Suppose a basketball player has an 80 percent chance of making a free throw. He has been fouled, and has two free throws. If a free throw is made, its counts as one point. Let $X$ and $Y$ be the number of points from the first and second free throw respectively. Figure out the joint probabilities for $X$ and $Y$, the expected number of points from the two free throws, and the variance for this number of points, when:

a) each free throw is an independent event

b) $P(Y=1\mid X=1)=0.9$ and $P(Y=1\mid X=0)=0.4$ so that making the first free throw raises the probability of making the second free throw.

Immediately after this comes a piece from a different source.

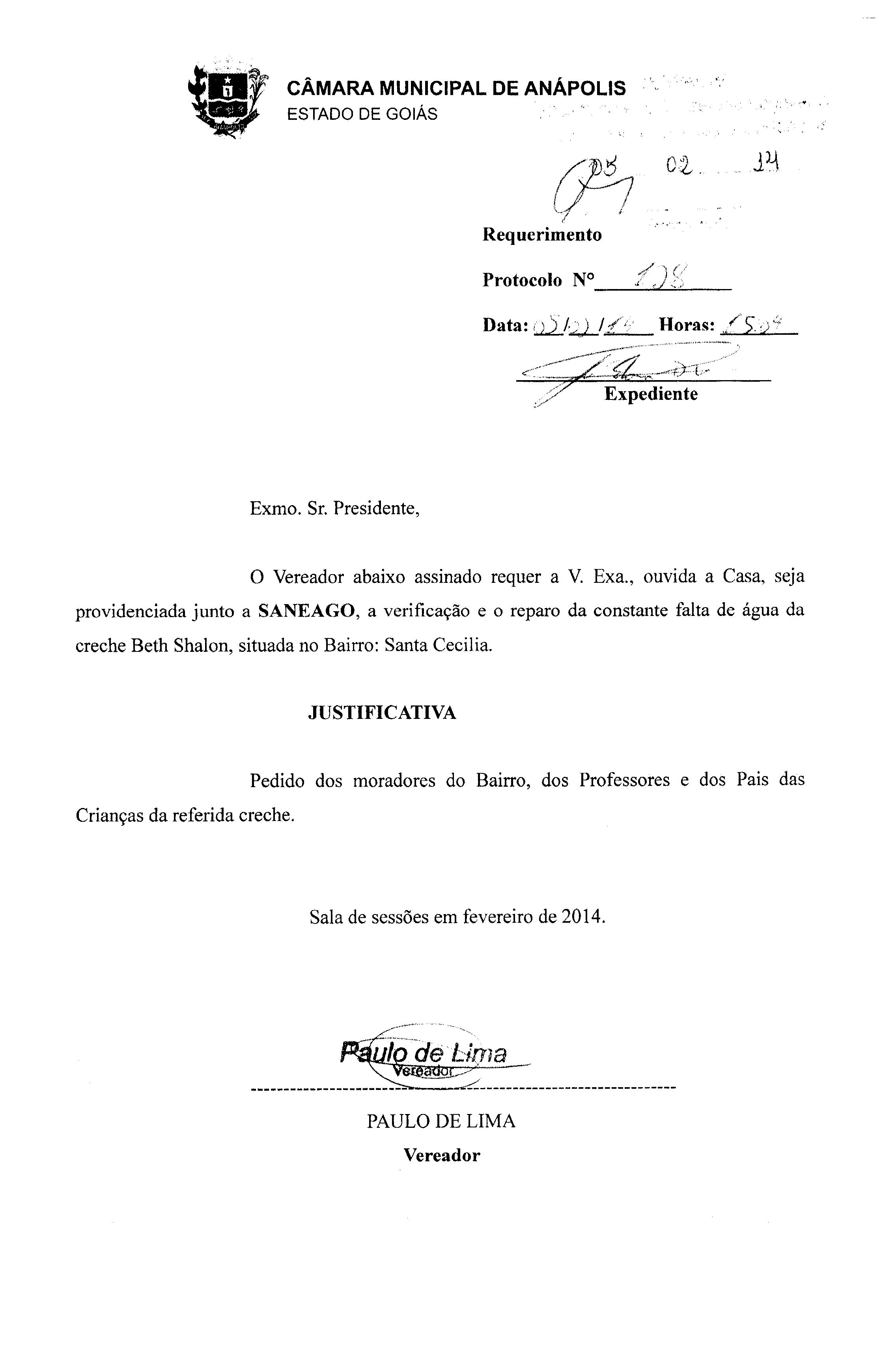 SEJA PROVIDENCIADA JUNTO A SANEAGO, VERIFICAÇÃO E O REPARO DA CONSTANTE FALTA DE ÁGUA DA CRECHE BETH SHALON, SITUADA NO BAIRRO: SANTA CECILIA.

So I've pretty much done part a but the only thing I'm confused about is when I find the expected number of points from the two free throws its less than 1. Should it be that way? Than, for part b it only gives me two of the probabilities and I'm a little confused about how to find the other two. I tried setting it up into a two by two box with X values on top and Y values on the side but still couldn't figure that out. Any input would be appreciated. Thanks!

-

## marked as duplicate by apnorton, AlexR, amWhy, ᴡᴏʀᴅs, RecklessReckonerJul 17 '14 at 17:40

This question was marked as an exact duplicate of an existing question.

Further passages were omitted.